Rock art, Ballynakilly, Co. Kerry
Co. Kerry |
Settlement Sites
On a sandstone outcrop in a Kerry pasture field, somebody once sat and pecked shallow marks into rock, and those marks are still there, faint and weathered, on a surface barely sixty centimetres square.
The outcrop itself is modest, rising no more than 0.75 metres above the ground on a north-west-facing slope at around 169 metres above sea level, overlooking the Behy River valley to the north and backed by mountains to the south-east. It would be easy to walk past without registering it at all.
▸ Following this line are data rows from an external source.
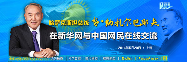 ??? 新華網(wǎng)上海5月20日電 哈薩克斯坦總統(tǒng)納扎爾巴耶夫20日接受新華網(wǎng)獨(dú)家訪談與中國(guó)網(wǎng)民在線交流,回答中國(guó)網(wǎng)民的問(wèn)題。
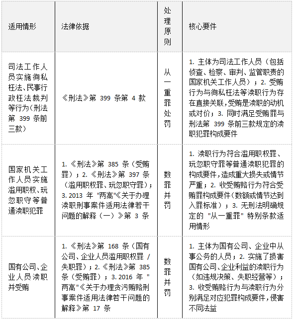 1.刑法基础条款:刑法第 385 条明确受贿罪构成要件,国家工作人员利用职务上的便利,索取他人财物或非法收受他人财物为他人谋取利益即构成本罪;第 397 条规定滥用职权罪、玩忽职守罪,国家机关工作人员滥用职权或玩忽职守致使公共利益遭受重大损失需承担刑事责任;第 399 条第 4 款作出特别规定,司法工作人员收受贿赂同时实施徇私枉法等行为的,依照处罚较重的规定定罪处罚。
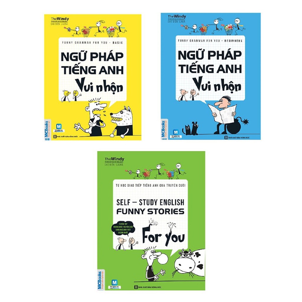Combo sách Ngữ Pháp Tiếng Anh Vui Nhộn 1. Ngữ Pháp Tiếng Anh Vui Nhộn – Basic Hệ thống ngữ pháp theo chuyên đề rõ ràng Nếu bạn băn khoăn sự rối ren trong khi học ngữ pháp thì cuốn sách này có thể giúp bạn yên tâm vì điều đó. Được chia thành 43 chuyên đề, cuốn sách cung cấp đầy đủ các kiến thức ngữ pháp từ đơn giản đến phức tạp đi kèm ví dụ rõ ràng giúp bạn hiểu rõ bản chất để vận dụng vào thiết lập câu tiếng Anh hoàn chỉnh. Ví dụ minh họa thu hút Một cuốn sách sẽ thật khô khan nếu chỉ có những kiến thức lý thuyết khô khan hoặc ngay cả những ví dụ mà chỉ toàn chữ là chữ. Khắc phục sự bất tiện này, với mỗi khái niệm hay định nghĩa, ví dụ trong cuốn sách được minh họa theo dạng hình ảnh tạo cảm giác hứng thú và tránh áp lực cho người mới học. Việc sử dụng hình ảnh để minh họa cho ví dụ không chỉ giúp bạn có cảm hứng học và còn cải thiện khả năng tư duy và phát triển từ vựng cho bạn. Bổ sung vốn từ vựng phong phú Với mỗi chuyên đề, ngoài cung cấp cấu trúc ngữ pháp và cách sử dụng, vốn từ vựng cũng được mở rộng. Đặt từ vựng vựng trong ngữ cảnh giúp bạn rèn luyện khả năng ghi nhớ và mở rộng tư duy. Ví dụ, khi bạn học về các mạo từ trong tiếng Anh (bao gồm a/a/the). Thay vì cung cấp danh sách mạo từ thông thường, cuốn sách sẽ cung cấp thêm ví dụ, hình ảnh minh họa và mở rộng vốn từ vựng với các mạo từ này: Nắm rõ để chủ động Để viết một câu tiếng Anh hoàn chỉnh đòi hỏi bạn phải kết hợp từ vựng và cấu trúc các thành phần câu một cách thuần thục. Khi đã nắm rõ bản chất cấu trúc và cách sử dụng, việc thiết lập câu tiếng Anh bạn chỉ lần luyện tập hàng ngày để tạo nên thói quen phản xạ đơn giản. Cuốn sách gồm 43 chuyên đề ngữ pháp tiếng Anh cơ bản cần phải biết, dành cho đối tượng là người mới bắt đầu học tiếng Anh hoặc cần củng cố bản chất ngữ pháp tiếng Anh. Ngoài ra, phần phụ lục là 360 động từ bất quy tắc là phần tham khảo cho bạn học trong quá trình học để dễ dàng tra cứu. 2. Ngữ Pháp Tiếng Anh Vui Nhộn – Beginners Để có thể chinh phục được kiến thức ngữ pháp tiếng Anh hiệu quả,bạn cần đầu tư thời gian và phương pháp học khoa học và thích hợp. Hy vọng rằng những tuyệt chiêu nhỏ mà chúng tôi đề cập về cuốn sách “Ngữ pháp tiếng Anh vui nhộn – Funny Grammar For You – Beginners” dưới đây sẽ giúp ích cho quá trình chinh phục tiếng Anh của bạn đạt hiệu quả hơn. Mỗi đơn vị bài học là chương trình học tổng hợp nhiều kỹ năng được nghiên cứu, có nhiều tranh ảnh minh họa sinh động giúp các đối tượng học sinh, sinh viên liên kết ảnh, ngôn ngữ và huống giao tiếp, đồng thời tạo niềm say mê, hứng thú cho người học. 3. Tự Học Tiếng Anh Giao Tiếp Qua Truyện Cười Mỗi đơn vị bài học là chương trình học tổng hợp nhiều kỹ năng được nghiên cứu, có nhiều tranh ảnh minh họa sinh động giúp các đối tượng học sinh, sinh viên liên kết ảnh, ngôn ngữ và huống giao tiếp, đồng thời tạo niềm say mê, hứng thú cho người học. Công ty phát hành MCBOOKS Tác giả The Windy Nhà xuất bản Nhà Xuất Bản Hồng Đức Loại bìa Bìa mềm Số trang 800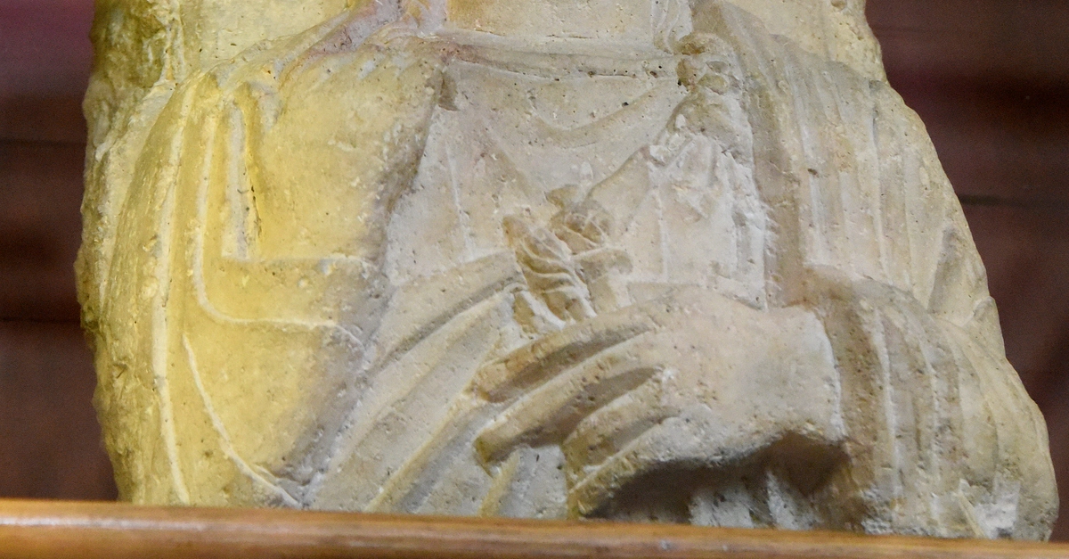 The Aramaic inscription on this limestone bust of a woman reads "Attai daughter of El'a". The woman wears a Greek chiton, From a funerary relief at Palmyra, modern-day Homs Governorate, Syria. Circa 50-150 CE. (The British Museum, London)

The decoration belongs to the tradition of prehistoric rock art found across Atlantic Europe, in which cup-and-ring motifs, concentric carved circles surrounding a central depression, were pecked into exposed stone surfaces, most likely during the Neolithic or Bronze Age. At Ballynakilly, the carving is concentrated towards the southern end of the decorated face. A natural fissure running north to south splits the surface, with grass growing along it, and this divide has effectively separated the motifs into two groups. To the east of the fissure sits one partial cup-and-ring: a cupmark roughly six centimetres across with a half-ring open to the south. To the west, a second cup-and-ring of similar scale has its half-ring open to the north. Five further plain cupmarks, shallow circular depressions with no surrounding rings, are distributed across both sides of the fissure, four to the west and one to the east. A second rock art site lies approximately fourteen metres to the north-west, suggesting this small slope held some repeated or sustained significance for the people who worked these surfaces.
The motifs are described as very weathered and faint, which is worth bearing in mind. Oblique light, particularly in the lower sun angles of morning or late afternoon, tends to pick out shallow carvings like these far more clearly than direct overhead light, which flattens the surface and renders the marks nearly invisible.